IAM On-Line Handwriting Database is used as training and validation data. Register on their website to download the dataset for free. Afterwards, place the following folders and files from their dataset in this repository's subfolder data/datasets/IAM-OnDB:

  1. Download the following files that are listed on the above stated dataset website: data/original-xml-part.tar.gz, data/writers.xml, data/lineStrokes-all.tar.gz, data/lineImages-all.tar.gz, data/original-xml-all.tar.gz, data/forms.txt & ascii-all.tar.gz.
  2. Extract the content of each of those files into the data/datasets/IAM-OnDB/<file_base_name> folder where <file_base_name> denote the basenames of each of the downloaded files.
  3. This is how it should look like:
├── data/datasets/IAM-OnDB
│   ├── ascii-all/
│   ├── forms.txt
│   ├── lineImages-all
│   ├── lineStrokes-all
│   ├── original-xml-all
│   ├── original-xml-part
│   └── writers.xml
  1. Confirm with make test-training-data that you placed the training data correctly.

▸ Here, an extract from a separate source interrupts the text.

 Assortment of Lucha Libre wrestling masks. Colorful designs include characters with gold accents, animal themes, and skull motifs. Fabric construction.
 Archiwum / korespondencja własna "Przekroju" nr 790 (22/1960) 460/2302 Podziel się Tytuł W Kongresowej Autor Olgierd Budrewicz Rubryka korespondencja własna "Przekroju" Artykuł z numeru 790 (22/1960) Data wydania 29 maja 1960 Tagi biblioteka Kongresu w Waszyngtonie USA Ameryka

Available models & their model cards

  • dataIAMOnDB_featuresLinInterpol20DxDyDtN_decoderGreedy
    • How it was trained: Using the IAM-OnDB dataset, this model is obtained by training on raw stroke data with channels (dx, dy, dt, n) where (dx, dy) are coordinate differences, dt is time difference and n is 1 if a point is the start of a new stroke with 0 otherwise. Prior to computing the differences and n, the raw stroke data is linearly interpolated to feature 20 points per unit length.
    • Download the model weights here.
    • Train this model yourself executing bash scripts/train_dataIAMOnDB_featuresLinInterpol20DxDyDtN_decoderGreedy.sh after you activated the conda environment that you use.

⌛ Open tasks

All contributions are welcome! :-)

  • Allow inference on own handwriting.
  • Implement CTC beam decoding with language model.
  • Implement Bezier curve fitting algorithm as data preprocessor.
  • Publish trained models on 🤗 Hugging Face for easy access.

👩‍💻 Contributing

I would love you to contribute! Let's make it a great project that people can benefit from :-).

🙏🏼 Acknowledgments

Thanks Leonard Salewski and Jonathan Prexl for super useful discussions on training PyTorch models! Thanks Harald Scheidl for providing both great content and code around handwritten text recognition.

I thank the department where I do my PhD, the School of Physics and Astronomy of The University of Edinburgh, for providing computational resources to train the models.

The scaffold of this code is based on the awesome lightning-hydra-template by ashleve - thank you for providing this!

License

This repository is licensed under the MIT License.